The records are to be repeated exactly, and any images in them are to be dropped.

##### Raw data

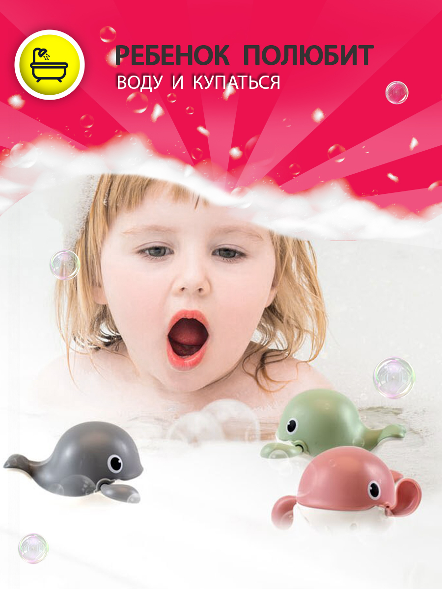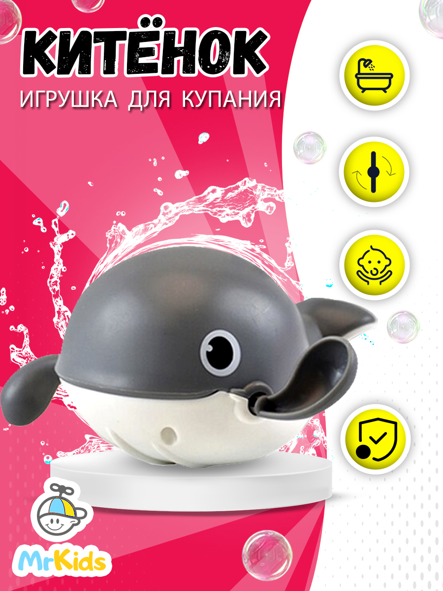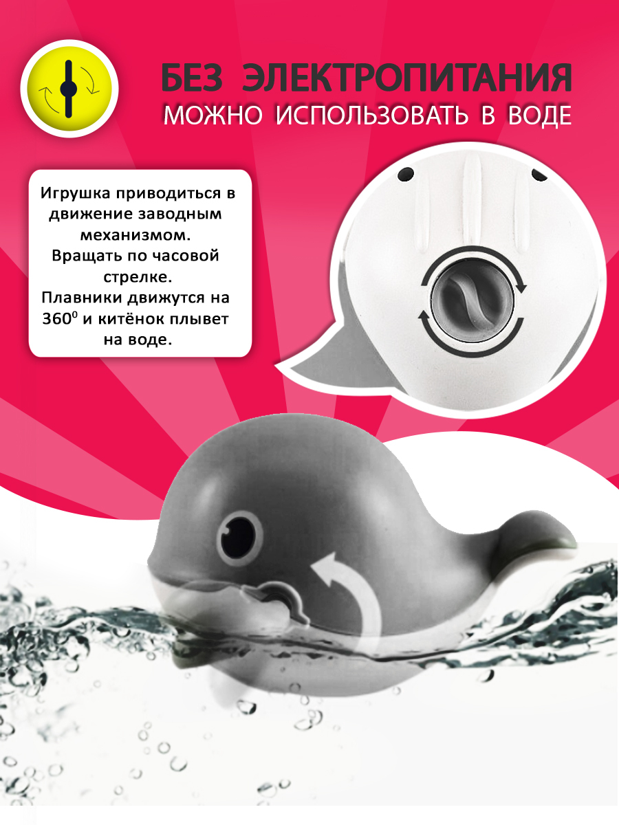 Игрушка для ванной / заводной кит/ игрушка для купания (серый)
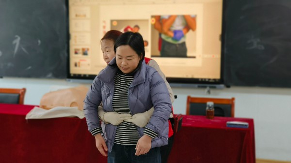 互动实操环节更是将培训氛围推向高潮。在吴春华讲师的悉心指导下,师生们分组上台,利用模拟人教具亲身体验心肺复苏按压与人工呼吸操作。“双手交叠,垂直向下按压,力度要适中,不能太轻也不能太重。”“人工呼吸时要捏住伤者鼻子,确保气道通畅。”吴春华逐一对师生的动作进行纠正,手把手传授操作技巧。在海姆立克急救法演示中,她通过趣味口诀帮助大家快速记忆操作要领,让抽象的急救知识变得简单易懂、易于掌握。师生们踊跃参与、积极提问,在实践操作中切实提升了应急处置能力。
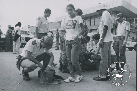 This black and white photograph of police checking bags for cameras in Alexandra was taken by Eric Miller. This photograph was digitised by Africa Media Online (AMO) in 2009. |
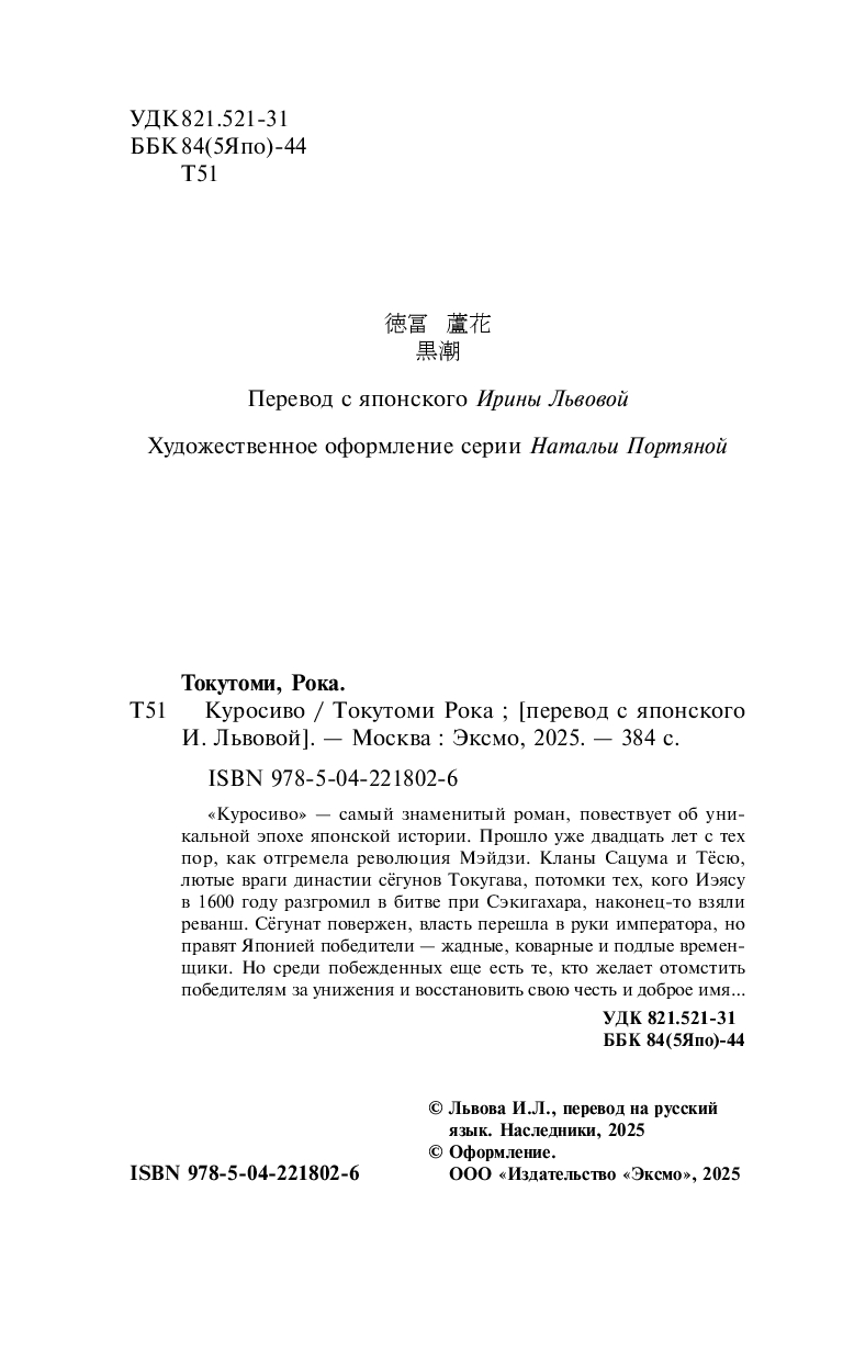 "Куросиво" – самый знаменитый роман, повествует об уникальной эпохе японской истории.
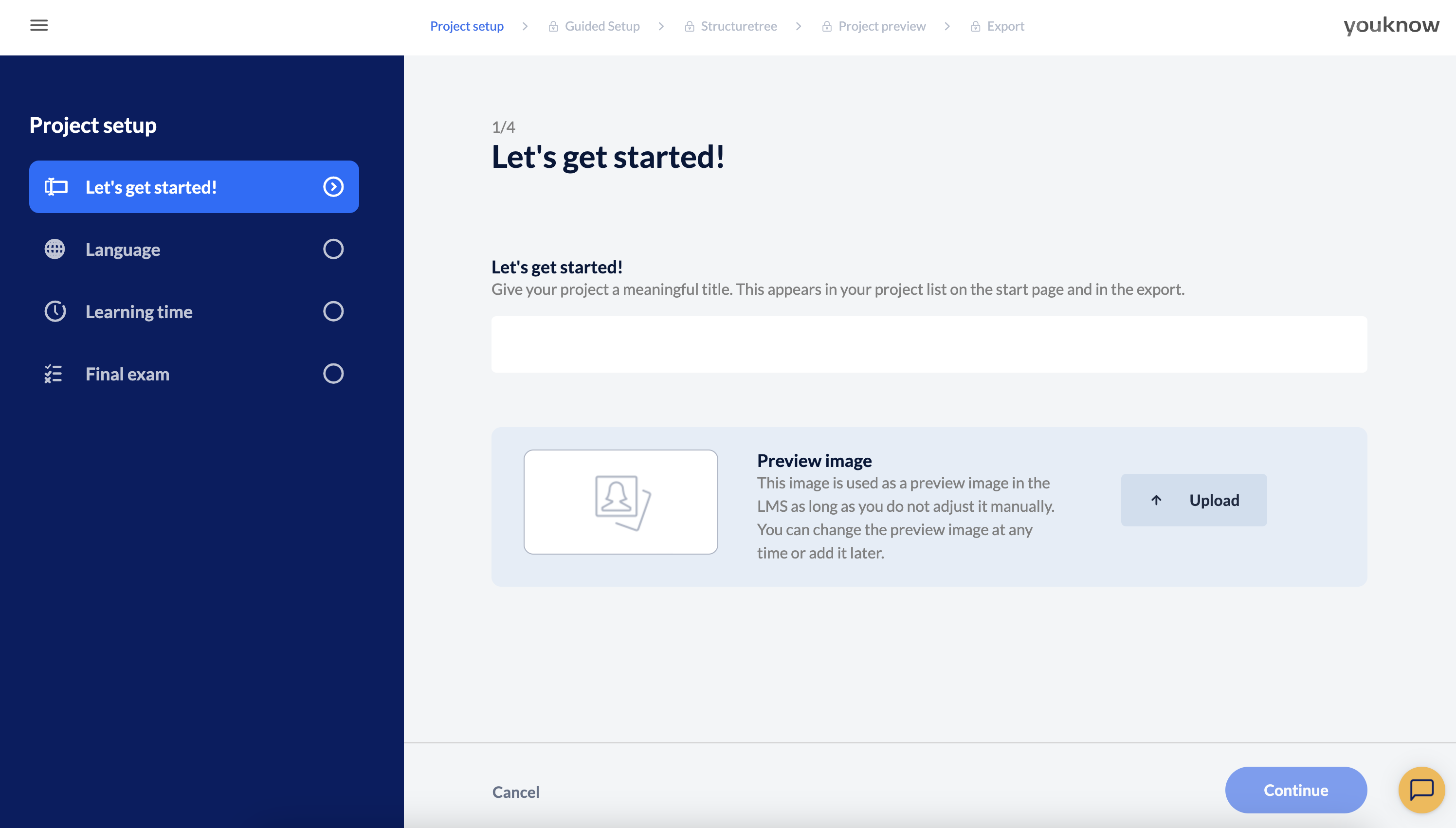 You also have the option of uploading a preview image for your training on this page – do it right away or later. This preview image will be displayed in the project list and later after the export in the LMS, where you can of course change it at any time.

##########

--- Response to this task ---
 Игрушка для ванной / заводной кит/ игрушка для купания (серый)
 互动实操环节更是将培训氛围推向高潮。在吴春华讲师的悉心指导下,师生们分组上台,利用模拟人教具亲身体验心肺复苏按压与人工呼吸操作。“双手交叠,垂直向下按压,力度要适中,不能太轻也不能太重。”“人工呼吸时要捏住伤者鼻子,确保气道通畅。”吴春华逐一对师生的动作进行纠正,手把手传授操作技巧。在海姆立克急救法演示中,她通过趣味口诀帮助大家快速记忆操作要领,让抽象的急救知识变得简单易懂、易于掌握。师生们踊跃参与、积极提问,在实践操作中切实提升了应急处置能力。
 This black and white photograph of police checking bags for cameras in Alexandra was taken by Eric Miller. This photograph was digitised by Africa Media Online (AMO) in 2009. |
 "Куросиво" – самый знаменитый роман, повествует об уникальной эпохе японской истории.
 You also have the option of uploading a preview image for your training on this page – do it right away or later. This preview image will be displayed in the project list and later after the export in the LMS, where you can of course change it at any time.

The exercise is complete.